— TASK TO CARRY OUT —
Please return the listing below exactly, without any of its pictures.

— DATASET EXCERPT —
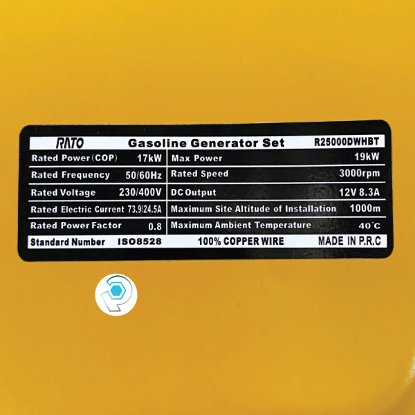 مشخصات فنی موتور برق بنزینی راتو ۱۹ کیلووات مدل R25000DWHBT
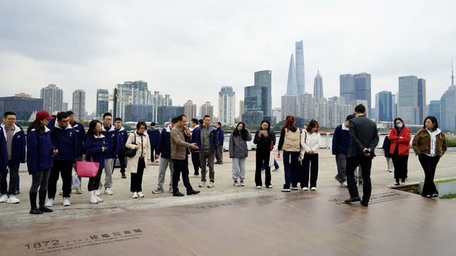 活动伊始,双方成员沿着习近平总书记深入杨浦滨江考察时的足迹一路前行,在讲解员的带领下,回溯“中国近代工业文明长廊”的百年之变,感悟贯穿在地标景观中的城市文脉与家国情怀,从“人民城市”的建设与发展中汲取争先创优、真抓实干的的时代力量。
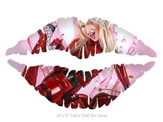Cherry Bomb - Kissing Lips Fabric Wall Skin Decal measures 24x15 inches
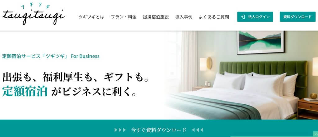 TsugiTsugi(ツギツギ)は、東急株式会社が提供する全国300以上のホテルや旅館を定額で利用できる法人向け宿泊サービスです。出張やワーケーションとしても活用でき、従業員の多様な働き方を支援します。

— REPLY —
 مشخصات فنی موتور برق بنزینی راتو ۱۹ کیلووات مدل R25000DWHBT
 活动伊始,双方成员沿着习近平总书记深入杨浦滨江考察时的足迹一路前行,在讲解员的带领下,回溯“中国近代工业文明长廊”的百年之变,感悟贯穿在地标景观中的城市文脉与家国情怀,从“人民城市”的建设与发展中汲取争先创优、真抓实干的的时代力量。
Cherry Bomb - Kissing Lips Fabric Wall Skin Decal measures 24x15 inches
 TsugiTsugi(ツギツギ)は、東急株式会社が提供する全国300以上のホテルや旅館を定額で利用できる法人向け宿泊サービスです。出張やワーケーションとしても活用でき、従業員の多様な働き方を支援します。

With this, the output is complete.